Phosphatidylcholine Transfer Protein Interacts with Thioesterase Superfamily Member 2 to Attenuate Insulin Signaling

Overview

Journal Sci Signal

Specialties Cell Biology
Physiology
Science

Date 2013 Aug 1

PMID 23901139

Citations 18

Authors

Baran A Ersoy

Akansha Tarun

Katharine DAquino

Nancy J Hancer

Chinweike Ukomadu

Morris F White

Thomas Michel

Brendan D Manning

David E Cohen

Affiliations

Soon will be listed here.

Abstract

Phosphatidylcholine transfer protein (PC-TP) is a phospholipid-binding protein that is enriched in liver and that interacts with thioesterase superfamily member 2 (THEM2). Mice lacking either protein exhibit improved hepatic glucose homeostasis and are resistant to diet-induced diabetes.
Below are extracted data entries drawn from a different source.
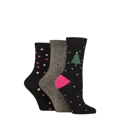 Women's 3 Pair Caroline Gardner Christmas Patterned Cotton Socks Black Tree/ Glitter / Spot 4 8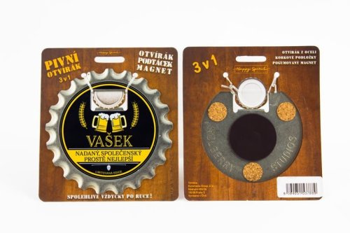 Otvírák ve tvaru velké pivní zátky je dobrou volbou pro všechny milovníky nejtradičnějšího českého nápoje. Navíc překvapí i dalšími možnostmi. Využijte jako podtácek, připněte na ledničku díky magnetu. Potěšte mužské ego lichotivými nápisy.Díky širokému výběru nejčetnějších mužských jmen a obecných rodinných názvů snadno najdete ten nejvhodnější pro vás.
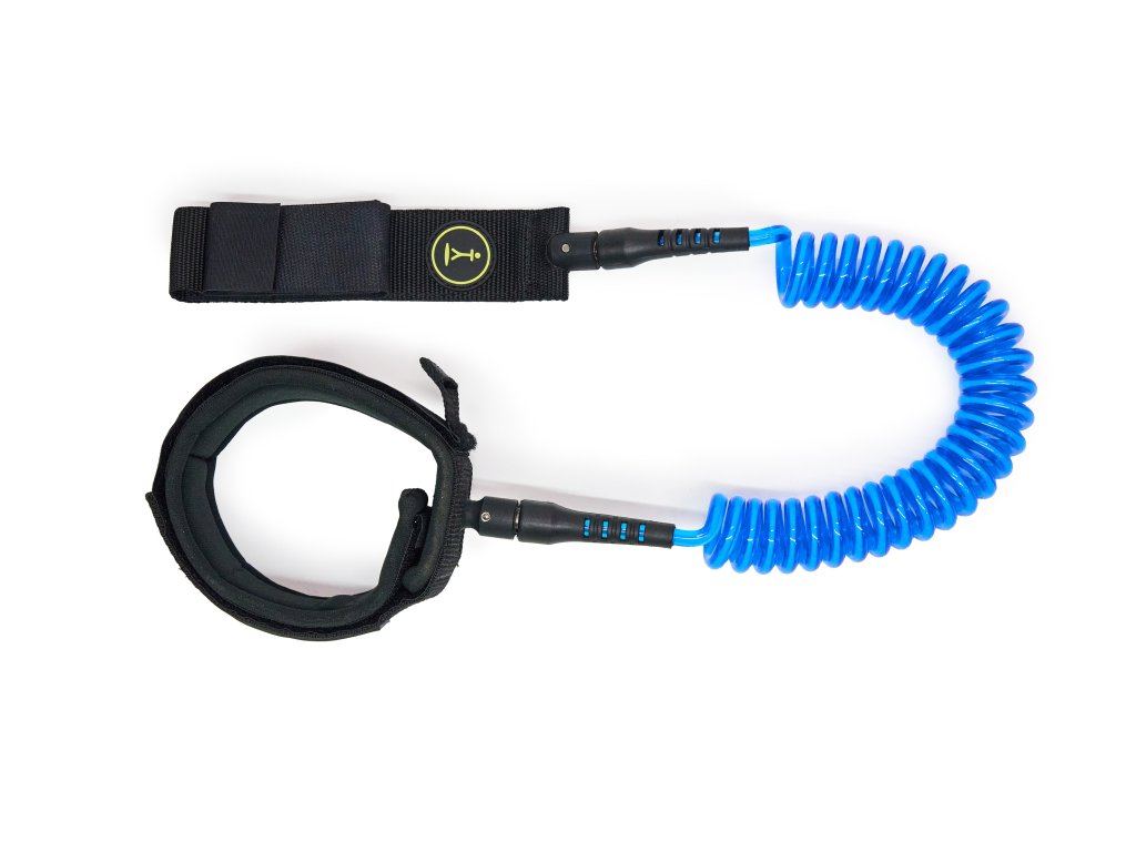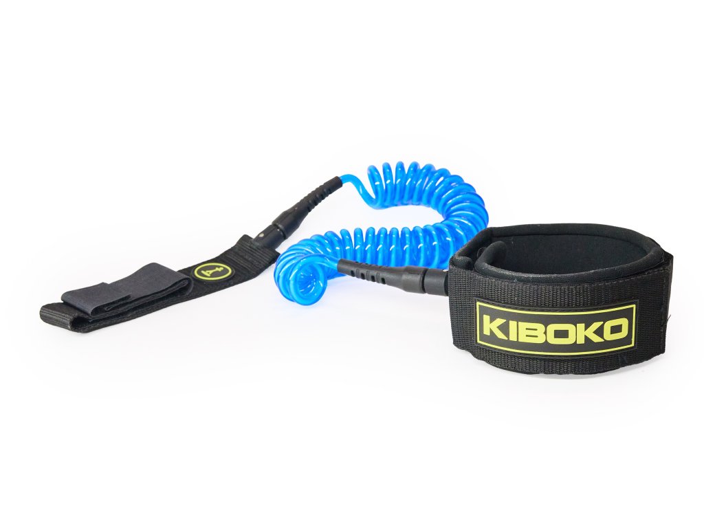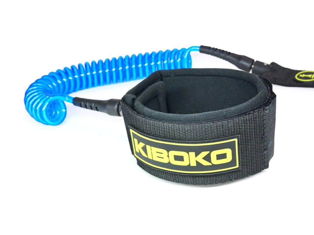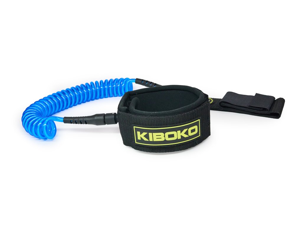 Leash Kiboko pod koleno - stočená připevňovací šňůra, která se používá především pro jízdu v silném větru nebo na volném moři, kde hrozí při pádu z paddleboardu jeho ztráta (uplavání).

Insulin receptor substrate 2 (IRS2) and mammalian target of rapamycin complex 1 (mTORC1) are key effectors of insulin signaling, which is attenuated in diabetes. We found that PC-TP inhibited IRS2, as evidenced by insulin-independent IRS2 activation after knockdown, genetic ablation, or chemical inhibition of PC-TP. In addition, IRS2 was activated after knockdown of THEM2, providing support for a role for the interaction of PC-TP with THEM2 in suppressing insulin signaling. Additionally, we showed that PC-TP bound to tuberous sclerosis complex 2 (TSC2) and stabilized the components of the TSC1-TSC2 complex, which functions to inhibit mTORC1. Preventing phosphatidylcholine from binding to PC-TP disrupted interactions of PC-TP with THEM2 and TSC2, and disruption of the PC-TP-THEM2 complex was associated with increased activation of both IRS2 and mTORC1. In livers of mice with genetic ablation of PC-TP or that had been treated with a PC-TP inhibitor, steady-state amounts of IRS2 were increased, whereas those of TSC2 were decreased. These findings reveal a phospholipid-dependent mechanism that suppresses insulin signaling downstream of its receptor.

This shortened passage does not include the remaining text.